__Activity__
Restate the data below word for word. Skip any images it contains.

__Dataset extract__
##########

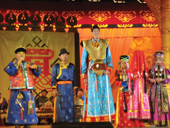 祭祀玛尼宏神台仪式拉开了喜顺结婚的序幕。身着孔雀蓝缎蒙古袍,脚蹬牛皮长靴的新郎喜顺和亲朋好友来到玛尼宏神台前,婚礼祝颂人用蒙古语宣布祭祀仪式开始,三声海螺号吹响之后,大家共同跪拜了玛尼宏神台。
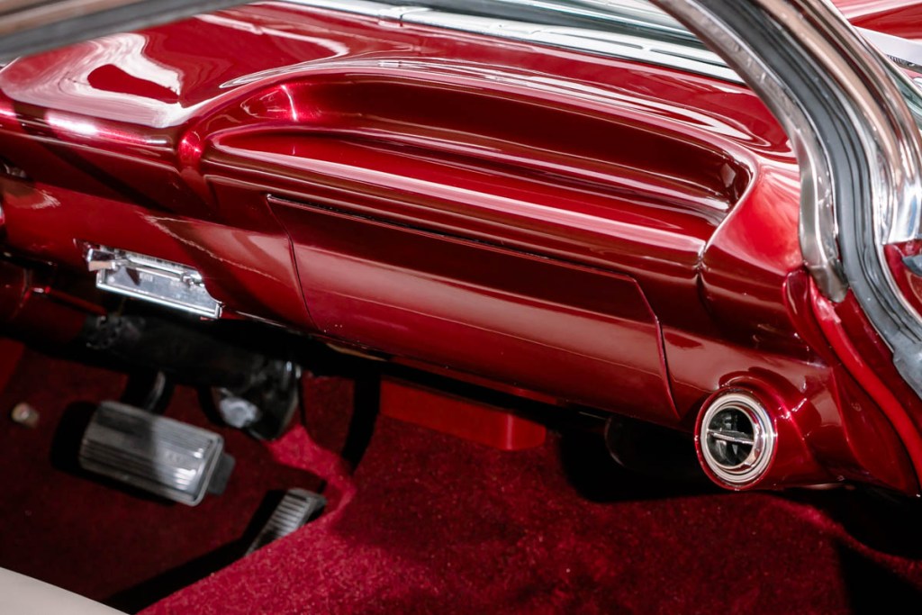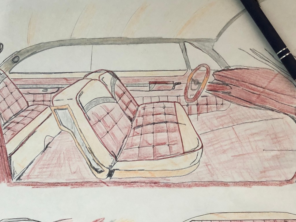 When it came to designing the rest of the interior, I sat down with a handful of blank sketches of a stock 61 Cadillac interior. Using pens and coloured pencils, I played around with ideas until I came up with a design that I liked. I wanted the interior to not look like a Cadillac interior yet still encapsulate the luxury of the big finned car while also paying homage to the kustom stylings of the era.
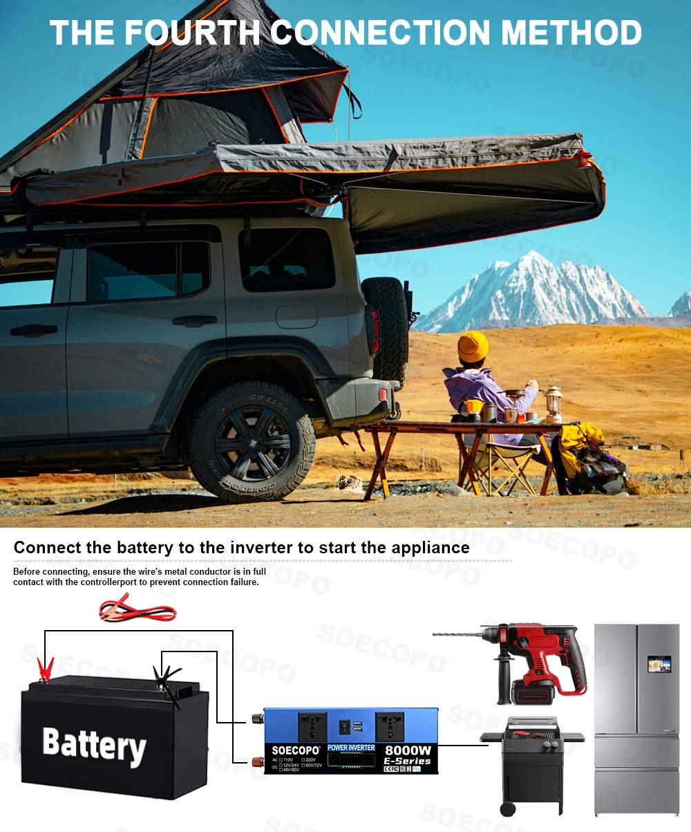 Never use: Air conditioners/electric kettles/hair dryers (start-up power over 2000W will burn out the inverter!)

##########

__Answer space__
 祭祀玛尼宏神台仪式拉开了喜顺结婚的序幕。身着孔雀蓝缎蒙古袍,脚蹬牛皮长靴的新郎喜顺和亲朋好友来到玛尼宏神台前,婚礼祝颂人用蒙古语宣布祭祀仪式开始,三声海螺号吹响之后,大家共同跪拜了玛尼宏神台。
 When it came to designing the rest of the interior, I sat down with a handful of blank sketches of a stock 61 Cadillac interior. Using pens and coloured pencils, I played around with ideas until I came up with a design that I liked. I wanted the interior to not look like a Cadillac interior yet still encapsulate the luxury of the big finned car while also paying homage to the kustom stylings of the era.
 Never use: Air conditioners/electric kettles/hair dryers (start-up power over 2000W will burn out the inverter!)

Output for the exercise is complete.